Five of the IT companies show Q2 profit estimates rising by over 10%. Two noteworthy ones — and it may be no surprise — are chipmaker and AI giant Nvidia, after its impressive earnings report in May, and semiconductor tester Teradyne.

The two areas in the sector expected to outshine include hotels, restaurant and other leisure industries, with robust 179% profit growth. The auto components sector is estimated to see 90% growth.

Companies Giving Positive Q2 Guidance

Only a little over 20% of the S&P 500 companies gave second-quarter EPS guidance. Forty-six companies issued positive EPS guidance, while 67 gave a negative Q2 earnings outlook.

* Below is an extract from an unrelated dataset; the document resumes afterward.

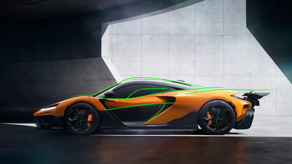 另一条向下的线条是描述气体绕过挡风玻璃后的形状,而黑色部分是气流绕过车轮后的形状。两股气流最终聚集在门后,以迈凯伦为目标。 logo 大风道中的灵感设计。

This is the highest number giving positive guidance since the third quarter of 2021, and an improvement over the last few quarters. Those numbers also beat the five- and 10-year averages, respectively.

Earnings Season: Q3 Outlook And Beyond

The earnings slump could end soon. According to FactSet, analysts forecast S&P 500 earnings growth of 0.3% in Q3, and a healthy 7.8% in Q4. Full-year 2023 earnings growth is projected at 0.8%. Next year shows a much more enthusiastic 12.4% growth rate.

The Communication Services sector is expected to lead Q3 with 26.7% profit growth. The Utilities, Industrial, Consumer Discretionary and Financials sectors are all forecast at around 13% EPS growth.

According to FactSet, 50% of Consumer Discretionary companies and 33% of IT companies gave positive Q3 earnings guidance for the next earnings season.

The two S&P 500 companies with the largest Q3 EPS revisions are Lennar and CarMax. Lennar's Q3 EPS estimate increased 30% and CarMax's EPS grew 23%.